Dietary phosphorous overload and positive calcium balance depending on calcium-containing phosphate binder are regarded as contributory factors of vascular calcification and increased mortality in dialysis patients (1–5). Coronary artery calcification (CAC) has been found in patients in early stages of CKD, termed nondialysis-dependent CKD patients (NDD-CKD), and portends a poor prognosis (6–10). In this population, however, no study has evaluated the potential role of phosphorus binders on mortality.
In this pilot study, we aimed to test the potential difference in all-cause mortality rate as the primary end point, as well as on dialysis inception and the composite end point (mortality and dialysis inception) as secondary end points, in NDD-CKD patients treated with different phosphate binders.
Materials and Methods
This is a multicenter, prospective, randomized, nonblinded study. The primary end point was all-cause mortality; secondary end points were dialysis inception and the composite end point (all-cause mortality and dialysis inception).
This study should be regarded as a pilot study because no data were available from the medical literature on the potential effect of phosphorus binders on mortality in nondialysis-dependent CKD patients. On the basis of our historical data, we decided to randomize 240 patients to have 80% power to detect a 60% reduction in all-cause mortality at the 5% significance level considering a 7% of all-cause mortality rate in the control group (7). In addition, because of limited resources and because sevelamer was not reimbursed by the national health care system at the time of the study design, the sample size was limited to ≤120 patients being treated with sevelamer for 3 years.
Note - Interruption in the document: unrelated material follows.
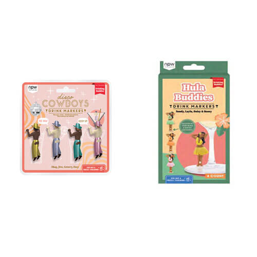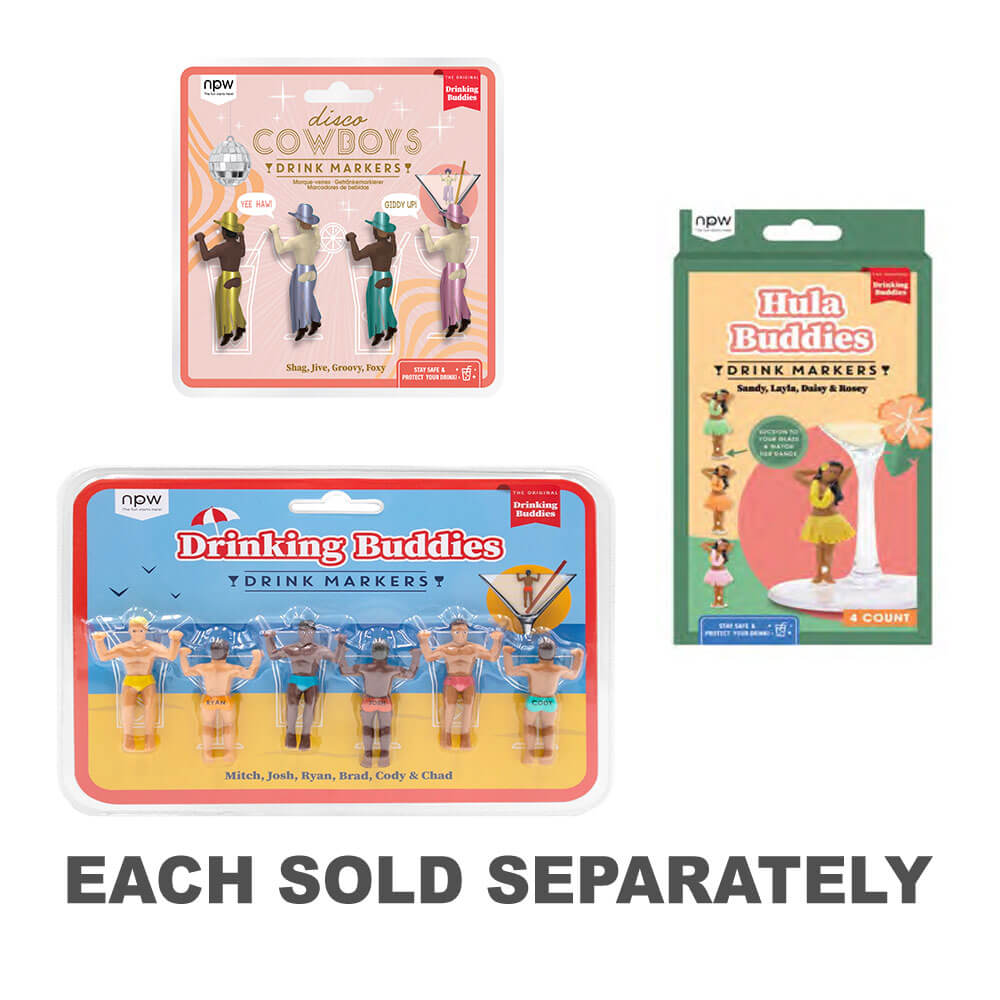 Coloca tu Hula Buddy con ventosa en tu vaso y ella cuidará tu bebida. Elige una dama para que esté a tu lado y ella bailará toda la noche.

Consecutive asymptomatic outpatients receiving care at 12 nephrology clinics in South Italy were evaluated. Inclusion criteria were being aged ≥18 years, having 6 months of follow-up before the enrollment, and having stage 3–4 CKD. Exclusion criteria were heart failure, coronary artery disease, previous myocardial infarction, coronary by-pass, angioplasty, stroke, arrhythmia, liver dysfunction, nephrotic syndrome, and fast progression of kidney function (defined as 24-hour measured creatinine clearance loss ≥12 ml/min per year). The latter may not allow a long-lasting follow-up because of accelerate dialysis initiation. Patients were informed of the nature of study and that sevelamer was not approved by the Italian Health Department in NDD-CKD patients. Patients entered the study after they had provided written informed consent. This study was conducted in adherence to the Declaration of Helsinki.
Enrollment began in November 2005. Patients were randomized to receive either open-label calcium carbonate or sevelamer. A binder was randomly assigned (in a 1:1 fashion) by the coordinating center. A single simple randomization list was generated by computer and was concealed with the use of numbered, opaque sealed envelopes that were opened in sequence by the administrative personnel of the coordinating center not involved in patient care. All participating centers followed the same procedure via a phone call to the coordinating center.
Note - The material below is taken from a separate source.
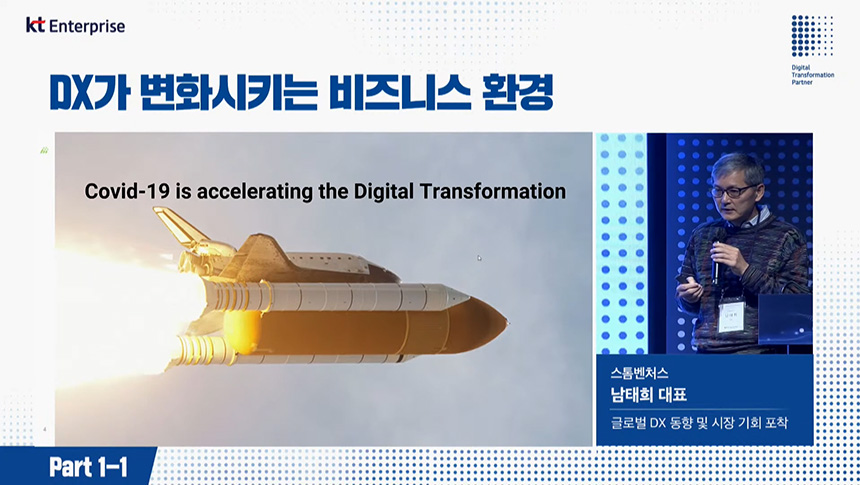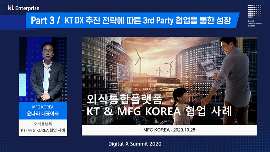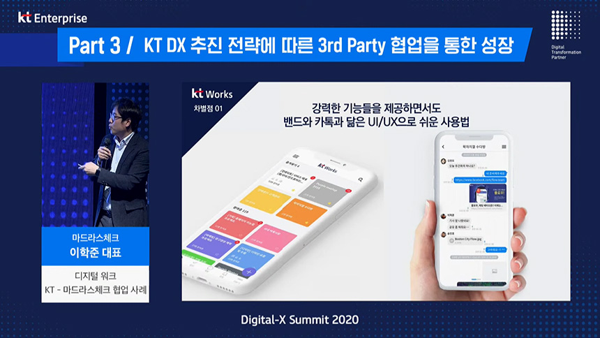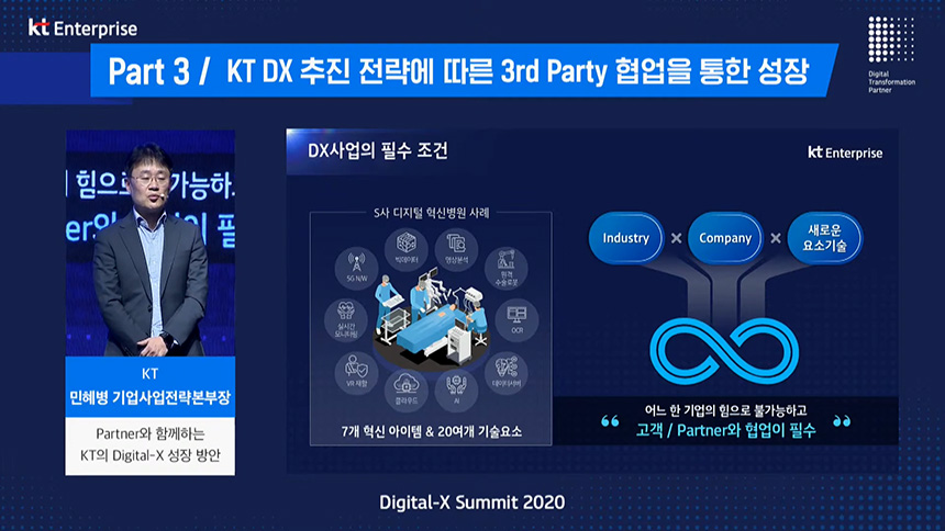 파트3은 “3rd Party 협업을 통한 성장”이라는 주제로 컨퍼런스가 진행되었고 첫 번째 섹션은 민혜병 KT 기업사업전략본부장님께서 “형업과 상생을 통한 DX 성장방안”이라는 주제로 발표를 진행해주셨습니다.
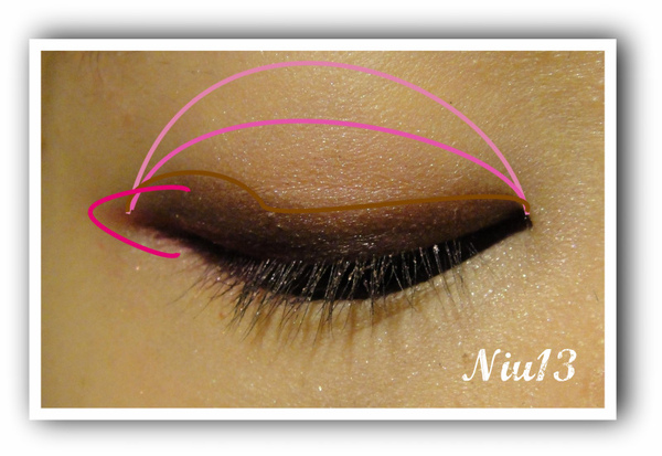 7. 用Kate的 C (桃紅色) 如圖沿著眼尾區域畫く字型然後拉長眼尾 (增加嫵媚度喔!)

The initial dose of each binder was established based on data of a previous study in predialysis patients in which 1600 mg/d sevelamer and 2000 mg/d calcium carbonate were found as the minimum dosages able to reduce urinary phosphorus excretion (11). Clinicians were free to increase the initial dose of binder to maintain serum phosphorus concentrations between 2.7 and 4.6 mg/dl for patients with stage 3–4 CKD, and between 3.5 and 5.5 mg/dl for patients with stage 5 CKD, as suggested by Kidney Disease Outcomes Quality Initiative (KDOQI) guidelines available at the time the study was started. Investigators were not blinded to binder assignment. The follow-up continued until death of any cause, dialysis inception, or 36 months from study entry.
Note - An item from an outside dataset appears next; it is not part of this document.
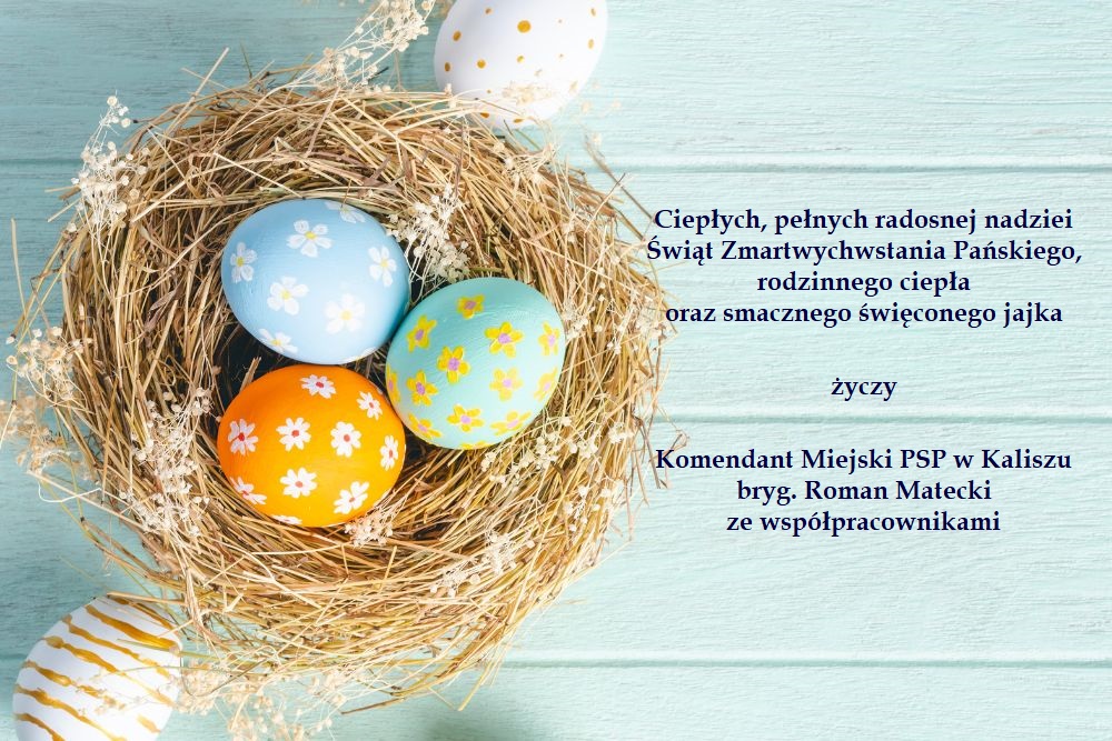Życzenia Wielkanocne Komendanta Miejskiego Państwowej Straży Pożarnej w Kaliszu. 17.04.2025 Zdjęcia (1) Pokaż zdjęcie 1 z galerii.
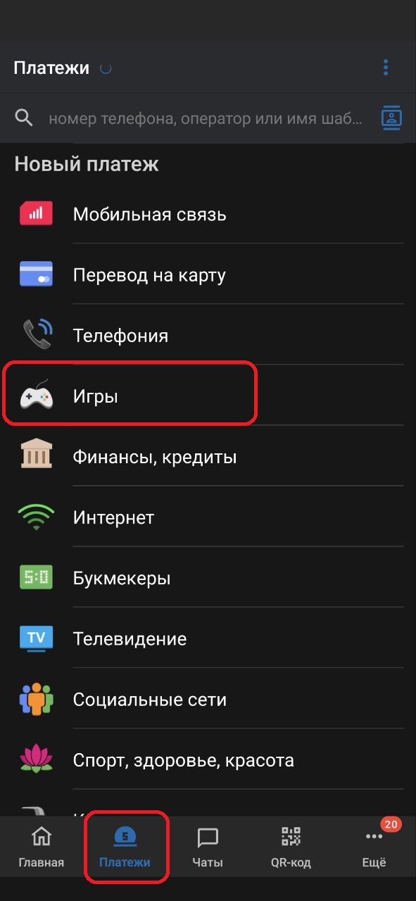 1. Открываем «Платежи» и находим пункт «Игры».

Blood chemistry was assessed at enrollment and every 6 months. Laboratory variables recorded closer to the event or at the end of study was regarded as final; intermediate recordings performed after assignment to binder were averaged and reported as on-treatment average.
GFR was obtained by the 24-hour measured creatinine clearance. Intact parathyroid hormone (PTH) was assayed by using the chemiluminescent immunometric method (Diagnostic Products, Los Angeles, CA) and high-sensitivity C-reactive protein (CRP) by the immunoturbidimetric method.
The CAC score was assessed by a multi-slice computed tomography (CT) scan (GE Medical Systems) at study entry as well as scans at 6, 12, 18, and 24 months. CT scans were performed at and analyzed by a single center (Department of Radiology, Ospedale di Solofra, Avellino). Two readers unaware of phosphate binder assignments read the CT scans. CAC score was performed using a semi-automated threshold-dependent algorithm. Calcifications within the coronary artery tree above a threshold of 130 HU were included. CAC score was reported in Agatston units (AUs).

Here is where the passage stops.